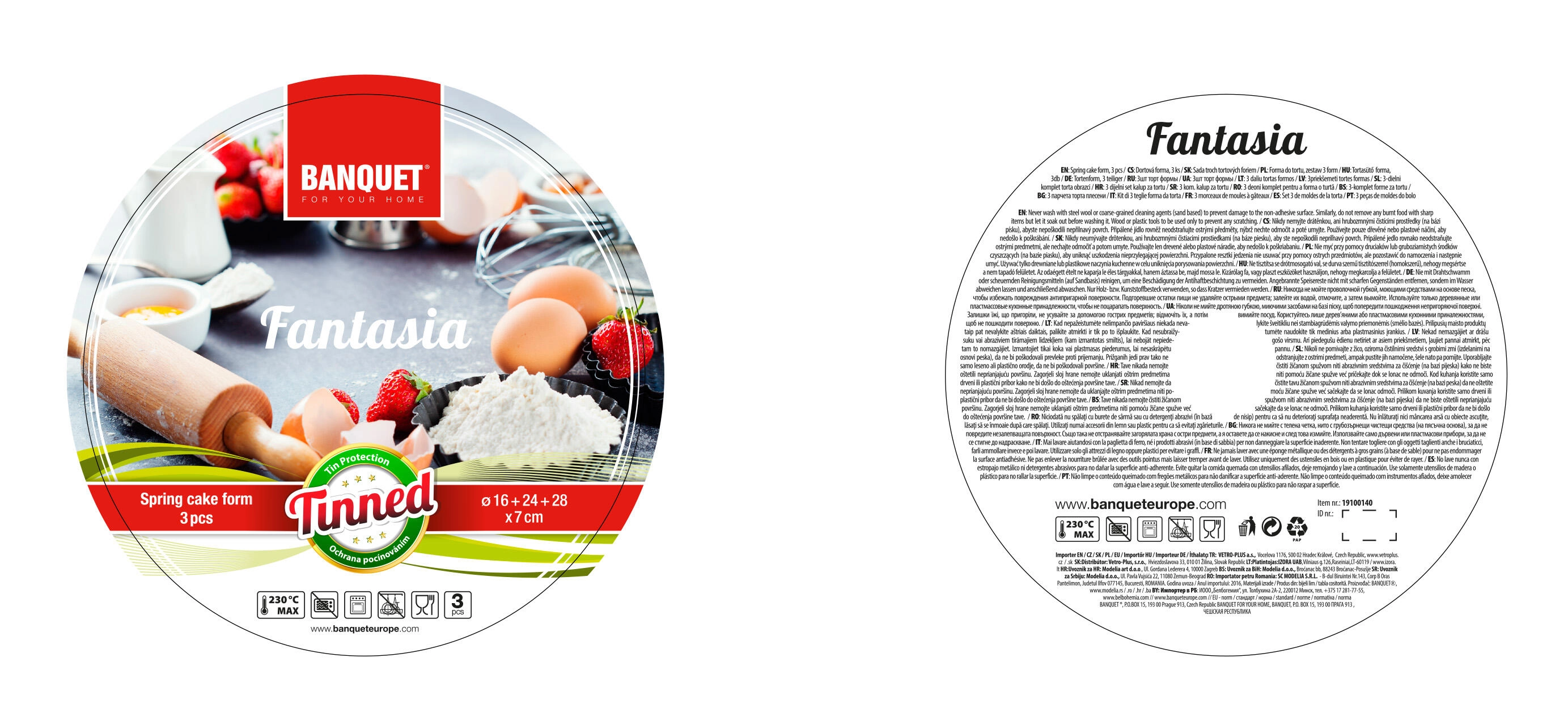 Dzięki temu uniwersalnemu zestawowi trzech tortownic typu springform FANTASIA przygotujesz małe i duże torty, tarty oraz słone quiche. Każda forma ma otwierany rant dla łatwego wyjmowania bez uszkodzenia spodu oraz ocynowaną powierzchnię dla równomiernego rozprowadzania ciepła i niezawodnego pieczenia.
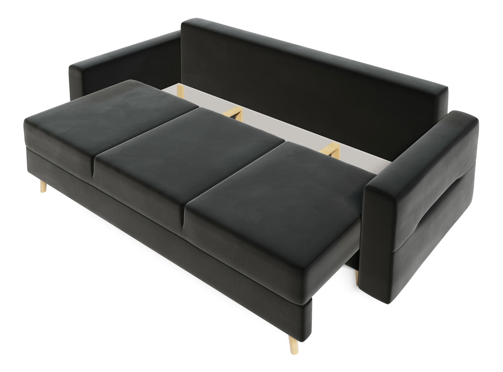 Rozkladacia pohovka Bergenia v tmavosivej farbe s originálnymi vankúšmi s motívom postáv je ideálnym riešením pre moderné obývacie izby, štýlové pracovne či útulné študentské izby. Jej čisté línie a škandinávsky dizajn prinášajú do priestoru sviežosť a nadčasovosť, pričom drevené nožičky dodávajú nábytku ľahkosť a prirodzený vzhľad.
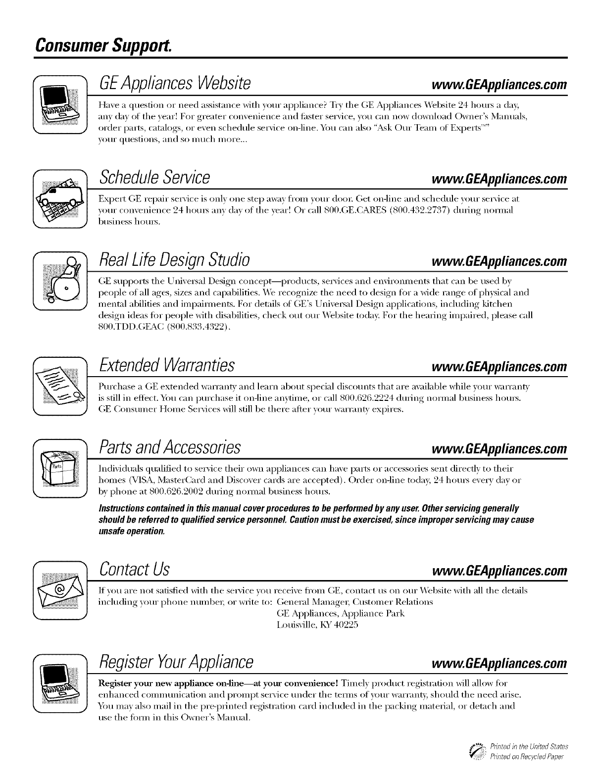 on-line, 24hours a day, visit us at www.GEAppliances.com,
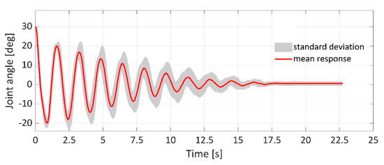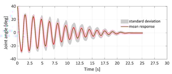 From the 20 measured time courses of the joint angle, where the initial joint angle is 10°, the angles were set for individual measurements in the interval <9.216°; 10.08°>. The maximum value of the interval represents the statistic parameter Mode. Figure 4 represents the mean response (red curve) and standard deviation (the grey area) from measured data.
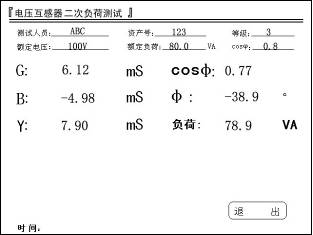 進(jìn)入該界面就可以測試電壓互感器負荷。測試人員及資產(chǎn)編號,可以進(jìn)行拼音或數字輸入。
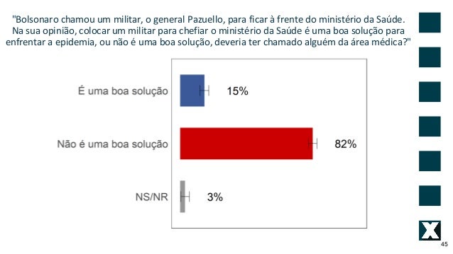 45. 45. "Bolsonaro chamou um militar, o general Pazuello, para ficar � frente do minist�rio da Sa�de. Na sua opini�o, colocar um militar para chefiar o minist�rio da Sa�de � uma boa solu��o para enfrentar a epidemia, ou n�o � uma boa solu��o, deveria ter chamado algu�m da �rea m�dica?" 45
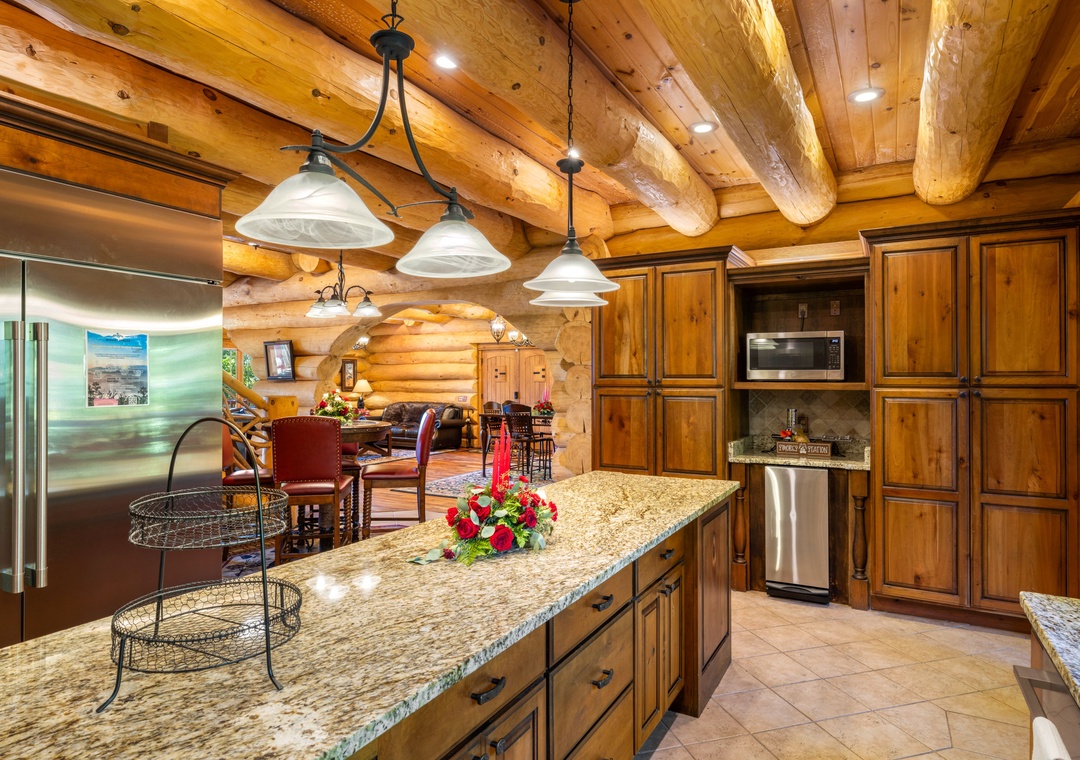 The fully equipped chef’s kitchen is designed for entertaining, with:
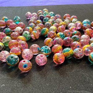 NWOT๐ 100 Round Glass Beads Hand Painted for Jewelry Making - Craft
+ + +
What is expected.
The output should consist of the records above, reproduced exactly, without pictures.

Output for this task.
 Dzięki temu uniwersalnemu zestawowi trzech tortownic typu springform FANTASIA przygotujesz małe i duże torty, tarty oraz słone quiche. Każda forma ma otwierany rant dla łatwego wyjmowania bez uszkodzenia spodu oraz ocynowaną powierzchnię dla równomiernego rozprowadzania ciepła i niezawodnego pieczenia.
 Rozkladacia pohovka Bergenia v tmavosivej farbe s originálnymi vankúšmi s motívom postáv je ideálnym riešením pre moderné obývacie izby, štýlové pracovne či útulné študentské izby. Jej čisté línie a škandinávsky dizajn prinášajú do priestoru sviežosť a nadčasovosť, pričom drevené nožičky dodávajú nábytku ľahkosť a prirodzený vzhľad.
 on-line, 24hours a day, visit us at www.GEAppliances.com,
 From the 20 measured time courses of the joint angle, where the initial joint angle is 10°, the angles were set for individual measurements in the interval <9.216°; 10.08°>. The maximum value of the interval represents the statistic parameter Mode. Figure 4 represents the mean response (red curve) and standard deviation (the grey area) from measured data.
 進(jìn)入該界面就可以測試電壓互感器負荷。測試人員及資產(chǎn)編號,可以進(jìn)行拼音或數字輸入。
 45. 45. "Bolsonaro chamou um militar, o general Pazuello, para ficar � frente do minist�rio da Sa�de. Na sua opini�o, colocar um militar para chefiar o minist�rio da Sa�de � uma boa solu��o para enfrentar a epidemia, ou n�o � uma boa solu��o, deveria ter chamado algu�m da �rea m�dica?" 45
 The fully equipped chef’s kitchen is designed for entertaining, with:
 NWOT๐ 100 Round Glass Beads Hand Painted for Jewelry Making - Craft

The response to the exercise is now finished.